** Opening Listed records block **

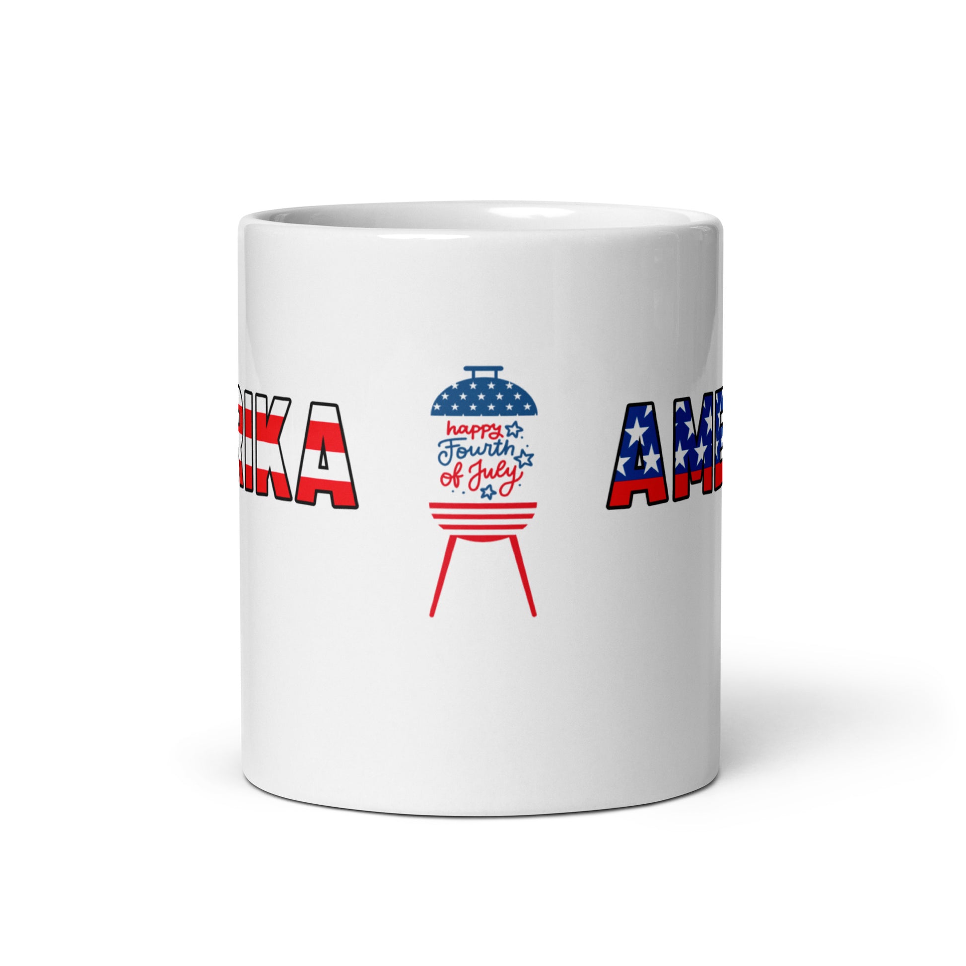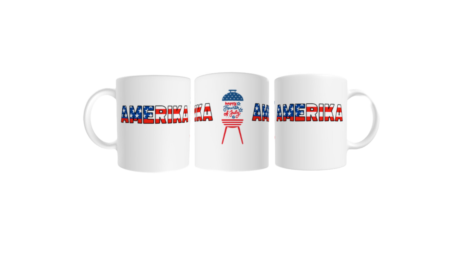 Celebrate the 4th of July in style with this Amerika mug. Featuring the bold text "AMERIKA" with an outback BBQ image dead center, this mug captures the essence of American pride and summer festivities. Whether you're grilling up some delicious burgers, enjoying a backyard BBQ, or watching fireworks light up the night sky, this mug is the perfect companion for your 4th of July celebrations. Made with high-quality materials, it ensures durability and long-lasting use. Raise a toast to freedom, unity, and the spirit of Independence Day with this patriotic mug. Let the red, white, and blue colors ignite your pride for this great nation as you sip your favorite beverage. Embrace the festive vibes and make a statement with this Amerika 4th of July mug. It's sturdy and glossy with a vivid print that'll withstand the microwave and dishwasher.
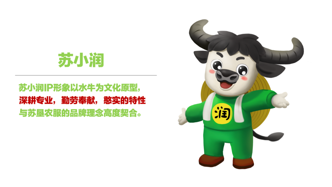 從中國(guó)農(nóng)耕文化中的“水牛”到蘇墾農(nóng)服品牌專屬代言人——“蘇小潤(rùn)”。穿越幾千年,默默服務(wù)、默默奉獻(xiàn)的本質(zhì)和精神一直沒(méi)變。
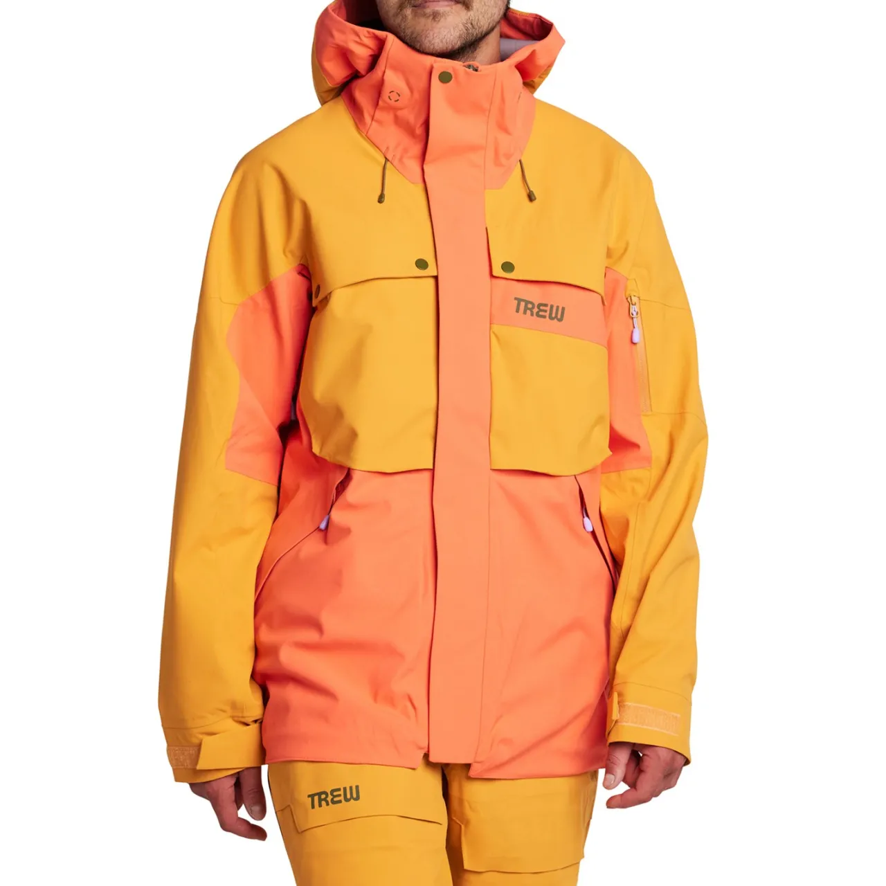 Primo Fabric–        Sustainably built with less impact, but still packed with the waterproofing, breathability, and durability that you want and need for long days in the mountains. The woven face fabric takes 100% recycled nylon (GRS certified) and constructs it into an ultra-durable oxford weave with a slight mechanical stretch. The final product is Trew’s most durable, comfortable, and sustainable outerwear.
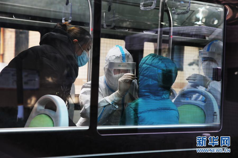 1月7日,醫(yī)護(hù)人員在“核酸采樣流動(dòng)車(chē)”內(nèi)為市民進(jìn)行核酸采樣。 為配合做好疫情防控保障工作,自1月6日起,石家莊市公交總公司提供了36輛公交車(chē)作為“核酸采樣流動(dòng)車(chē)”,分別承擔(dān)長(zhǎng)安區(qū)、裕華區(qū)等地的核酸檢測(cè)服務(wù)工作。 新華社發(fā)(鄭榮璽 攝) 圖片來(lái)源:新華網(wǎng)
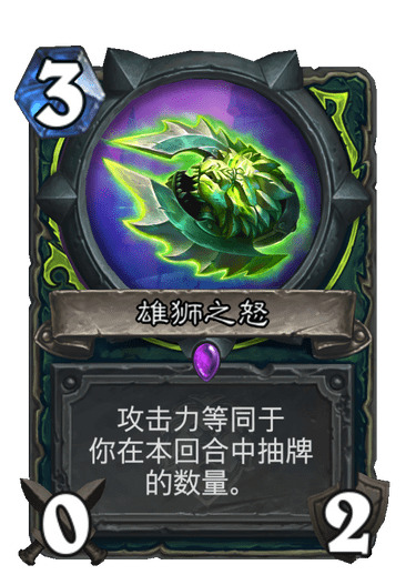 当你牌库不多,且有几张交易牌时(比如牌库剩2张而你有3张交易牌),就可以无限交易抽交易。每花1费交易都能让雄狮之怒+1攻。在此同时,如果交易到了抽牌卡,也可以直接打掉。这样一来,用雄狮之怒一回合打出10几点伤害并不难(配合交易时抽到的0费抽牌)。
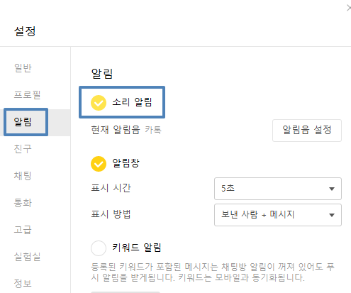 카카오톡 PC버전 알림창 미리보기 방지 소리끄기
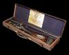 31in. black powder only bold damascus barrels, rib engraved 'HOLLAND & HOLLAND. 98. NEW BOND STREET. LONDON.', 2 1/2in. chambers, bored approx. true cyl. and 1/2 choke, bore dimensions marginal and left wall thickness below recommended minimum, E.C. Hodges patent action, patent no. 251 of 31st January 1871, use number 988, carved percussion fences, rebounding back-action locks with dolphin hammers, finely engraved with acanthus scrollwork and floral bouquets, retaining traces of original colour-hardening and finish, 14 3/8in. highly figured stock (cracked and with insert repairs at hand), the left side with large oval white metal presentation plaque inscribed with the Netherlands governmental coat of arms and 'HET NEDERLANDSCHE GOUVERNEMENT AAN W. MONTGOMERY TER HERINNERING AAN ZYNE HULPVAARDIGHEID JEGENS DE SCHIPBREUKELINGEN VAN HET NEDERLANDSCHE MAILSCHIP "PRINS FREDERIK" TE FALMOUTH. JUNI EN JULI. 1890.' (presented to W. Montgomery to commemorate his helpfulness during the shipwreck of the Dutch mailship "Prins Frederik" in 1890), weight 7lb. 4oz., in its lightweight leather case
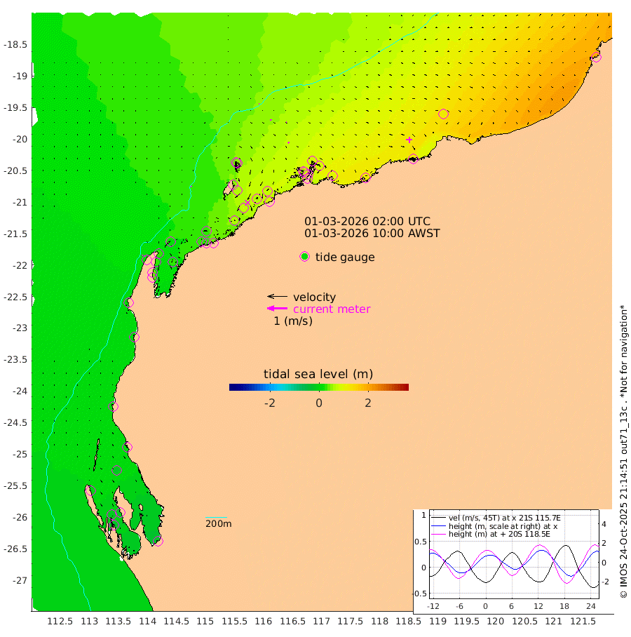 3cm/s -33T +12cm/s rms + 5cm/s -173T. NWSBAR 206m 3cm/s 47T +22cm/s rms + 10cm/s -148T. TAN100 109m 2cm/s 125T +11cm/s rms + 8cm/s -129T. PIL200 208m 5cm/s 115T +13cm/s rms + 7cm/s -137T. PIL100 105m 6cm/s 106T +12cm/s rms + 2cm/s -92T. PIL050 55m 4cm/s 43T +18cm/s rms + 4cm/s -149T. NRSNIN 61m 3cm/s 103T +6cm/s rms + 3cm/s 112T. NW Shelf M6 65m -3cm Withnell Point -20cm Denham -21cm Shark Bay (Inr Bn) -20cm Shark Bay -31cm Useless Loop -16cm Hamelin Pool 12cm Carnarvon 9cm Cape Cuvier 9cm Coral Bay 12cm Norwegian Bay 34cm Badjirrajirra 14cm Tantabiddi 24cm Point Murat 29cm Exmouth 37cm Learmonth 27cm Y Island 19cm North Muiron Island 25cm Roller 31cm Ashburton North 34cm Onslow (Beadon Creek) 32cm Thevenard Island 62cm Large Island 69cm North Sandy Island 50cm Barrow Island (Wapet Landing) 65cm Barrow Island (Tanker Mooring) 79cm Withnell Bay 53cm Trimouille Island 36cm North West Island 81cm Fortescue Road 73cm Steamboat Island 65cm Sholl Island 78cm Fairway Beacon 76cm Mawby Island 79cm Dampier (King Bay) 85cm Cape Legendre 90cm Hauy Island 101cm Port Walcott (Cape Lambert) 120cm Depuch Island 128cm Port Hedland 123cm Bedout Island 193cm Lagrange Bay
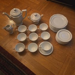 Servis från Rosenthal. Se bilder för detaljer. Fem koppar, en kaffekanna med lock, en gräddkanna, sju fat och sju assietter. Mycket fint skick. Runt vitt porslin med detaljer i blått och guld. Några ränder har blekts något.
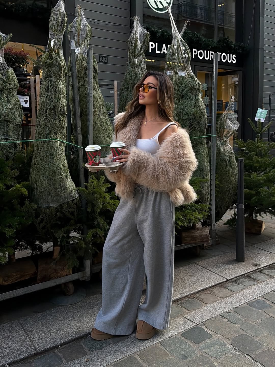 Bundling up doesn’t mean sacrificing style this season. This comfortable ensemble features a luxurious faux fur cardigan paired with relaxed gray sweatpants and a classic white tank. The textured outerwear adds warmth while maintaining an effortlessly chic vibe for casual coffee runs or weekend errands.
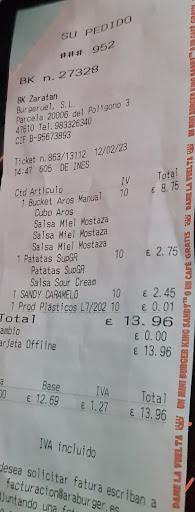 Read moreHoy he ido al burguer y todo mal. No me ha dado el ticket para saber cuánto cuesta cada cosa (ya que lo pedí por ventanilla para llevar y no sabía ni cuánto era cada cosa) porque lo tira. Hago mis cuentas un poco a lo alto y sabiendo que tengo el descuento por familia numerosa no me cuadraban las cuentas. Voy a preguntar a la chica cuento es cada cosa porque me salía de más que he pagado. Lo calculamos y efectivamente no me había hecho el descuento de familia numerosa, ahora llega lo mejor, sabiendo que no me ha hecho el descuento, me dice que son 2€ menos solo por familia numerosa, y que si los quiero, que madre mía por 2€… No me parece bien el trato, haciéndome esperar por “atender” que parecía como que me daba largas para que esté ahí esperando. Además que si hubiese hecho bien su trabajo yo no tendría que estar ahí reclamando 2€, que igual ella lo veía como si fuera poco, pero esos 2€ a mi nadie me los ha regalado. Me he informado y he visto que cobran de media los trabajadores del burguer 7€ brutos, me gustaría que ella trabajase una hora y que la paguen 5€, haber si no reclama los 2€ y no dice “madre mía por 2€…” Mucha prepotencia señorita N**kon… A todo esto, @burguerking no se que diferencia hay de un Oreo que lo ponen como complemento de la comida o como separado de la comida? Uno está más bueno que el otro? Porque como complemento vale 1,90€ pero por separado 3,25€… no se vamos, igual unos está más delicioso...

** Closing Listed records block **

**What this task involves**.
Drop the pictures and reproduce the rest of the data exactly.

**Output for this exercise**.
 Celebrate the 4th of July in style with this Amerika mug. Featuring the bold text "AMERIKA" with an outback BBQ image dead center, this mug captures the essence of American pride and summer festivities. Whether you're grilling up some delicious burgers, enjoying a backyard BBQ, or watching fireworks light up the night sky, this mug is the perfect companion for your 4th of July celebrations. Made with high-quality materials, it ensures durability and long-lasting use. Raise a toast to freedom, unity, and the spirit of Independence Day with this patriotic mug. Let the red, white, and blue colors ignite your pride for this great nation as you sip your favorite beverage. Embrace the festive vibes and make a statement with this Amerika 4th of July mug. It's sturdy and glossy with a vivid print that'll withstand the microwave and dishwasher.
 從中國(guó)農(nóng)耕文化中的“水牛”到蘇墾農(nóng)服品牌專屬代言人——“蘇小潤(rùn)”。穿越幾千年,默默服務(wù)、默默奉獻(xiàn)的本質(zhì)和精神一直沒(méi)變。
 Primo Fabric–        Sustainably built with less impact, but still packed with the waterproofing, breathability, and durability that you want and need for long days in the mountains. The woven face fabric takes 100% recycled nylon (GRS certified) and constructs it into an ultra-durable oxford weave with a slight mechanical stretch. The final product is Trew’s most durable, comfortable, and sustainable outerwear.
 1月7日,醫(yī)護(hù)人員在“核酸采樣流動(dòng)車(chē)”內(nèi)為市民進(jìn)行核酸采樣。 為配合做好疫情防控保障工作,自1月6日起,石家莊市公交總公司提供了36輛公交車(chē)作為“核酸采樣流動(dòng)車(chē)”,分別承擔(dān)長(zhǎng)安區(qū)、裕華區(qū)等地的核酸檢測(cè)服務(wù)工作。 新華社發(fā)(鄭榮璽 攝) 圖片來(lái)源:新華網(wǎng)
 当你牌库不多,且有几张交易牌时(比如牌库剩2张而你有3张交易牌),就可以无限交易抽交易。每花1费交易都能让雄狮之怒+1攻。在此同时,如果交易到了抽牌卡,也可以直接打掉。这样一来,用雄狮之怒一回合打出10几点伤害并不难(配合交易时抽到的0费抽牌)。
 카카오톡 PC버전 알림창 미리보기 방지 소리끄기
 31in. black powder only bold damascus barrels, rib engraved 'HOLLAND & HOLLAND. 98. NEW BOND STREET. LONDON.', 2 1/2in. chambers, bored approx. true cyl. and 1/2 choke, bore dimensions marginal and left wall thickness below recommended minimum, E.C. Hodges patent action, patent no. 251 of 31st January 1871, use number 988, carved percussion fences, rebounding back-action locks with dolphin hammers, finely engraved with acanthus scrollwork and floral bouquets, retaining traces of original colour-hardening and finish, 14 3/8in. highly figured stock (cracked and with insert repairs at hand), the left side with large oval white metal presentation plaque inscribed with the Netherlands governmental coat of arms and 'HET NEDERLANDSCHE GOUVERNEMENT AAN W. MONTGOMERY TER HERINNERING AAN ZYNE HULPVAARDIGHEID JEGENS DE SCHIPBREUKELINGEN VAN HET NEDERLANDSCHE MAILSCHIP "PRINS FREDERIK" TE FALMOUTH. JUNI EN JULI. 1890.' (presented to W. Montgomery to commemorate his helpfulness during the shipwreck of the Dutch mailship "Prins Frederik" in 1890), weight 7lb. 4oz., in its lightweight leather case
 3cm/s -33T +12cm/s rms + 5cm/s -173T. NWSBAR 206m 3cm/s 47T +22cm/s rms + 10cm/s -148T. TAN100 109m 2cm/s 125T +11cm/s rms + 8cm/s -129T. PIL200 208m 5cm/s 115T +13cm/s rms + 7cm/s -137T. PIL100 105m 6cm/s 106T +12cm/s rms + 2cm/s -92T. PIL050 55m 4cm/s 43T +18cm/s rms + 4cm/s -149T. NRSNIN 61m 3cm/s 103T +6cm/s rms + 3cm/s 112T. NW Shelf M6 65m -3cm Withnell Point -20cm Denham -21cm Shark Bay (Inr Bn) -20cm Shark Bay -31cm Useless Loop -16cm Hamelin Pool 12cm Carnarvon 9cm Cape Cuvier 9cm Coral Bay 12cm Norwegian Bay 34cm Badjirrajirra 14cm Tantabiddi 24cm Point Murat 29cm Exmouth 37cm Learmonth 27cm Y Island 19cm North Muiron Island 25cm Roller 31cm Ashburton North 34cm Onslow (Beadon Creek) 32cm Thevenard Island 62cm Large Island 69cm North Sandy Island 50cm Barrow Island (Wapet Landing) 65cm Barrow Island (Tanker Mooring) 79cm Withnell Bay 53cm Trimouille Island 36cm North West Island 81cm Fortescue Road 73cm Steamboat Island 65cm Sholl Island 78cm Fairway Beacon 76cm Mawby Island 79cm Dampier (King Bay) 85cm Cape Legendre 90cm Hauy Island 101cm Port Walcott (Cape Lambert) 120cm Depuch Island 128cm Port Hedland 123cm Bedout Island 193cm Lagrange Bay
 Servis från Rosenthal. Se bilder för detaljer. Fem koppar, en kaffekanna med lock, en gräddkanna, sju fat och sju assietter. Mycket fint skick. Runt vitt porslin med detaljer i blått och guld. Några ränder har blekts något.
 Bundling up doesn’t mean sacrificing style this season. This comfortable ensemble features a luxurious faux fur cardigan paired with relaxed gray sweatpants and a classic white tank. The textured outerwear adds warmth while maintaining an effortlessly chic vibe for casual coffee runs or weekend errands.
 Read moreHoy he ido al burguer y todo mal. No me ha dado el ticket para saber cuánto cuesta cada cosa (ya que lo pedí por ventanilla para llevar y no sabía ni cuánto era cada cosa) porque lo tira. Hago mis cuentas un poco a lo alto y sabiendo que tengo el descuento por familia numerosa no me cuadraban las cuentas. Voy a preguntar a la chica cuento es cada cosa porque me salía de más que he pagado. Lo calculamos y efectivamente no me había hecho el descuento de familia numerosa, ahora llega lo mejor, sabiendo que no me ha hecho el descuento, me dice que son 2€ menos solo por familia numerosa, y que si los quiero, que madre mía por 2€… No me parece bien el trato, haciéndome esperar por “atender” que parecía como que me daba largas para que esté ahí esperando. Además que si hubiese hecho bien su trabajo yo no tendría que estar ahí reclamando 2€, que igual ella lo veía como si fuera poco, pero esos 2€ a mi nadie me los ha regalado. Me he informado y he visto que cobran de media los trabajadores del burguer 7€ brutos, me gustaría que ella trabajase una hora y que la paguen 5€, haber si no reclama los 2€ y no dice “madre mía por 2€…” Mucha prepotencia señorita N**kon… A todo esto, @burguerking no se que diferencia hay de un Oreo que lo ponen como complemento de la comida o como separado de la comida? Uno está más bueno que el otro? Porque como complemento vale 1,90€ pero por separado 3,25€… no se vamos, igual unos está más delicioso...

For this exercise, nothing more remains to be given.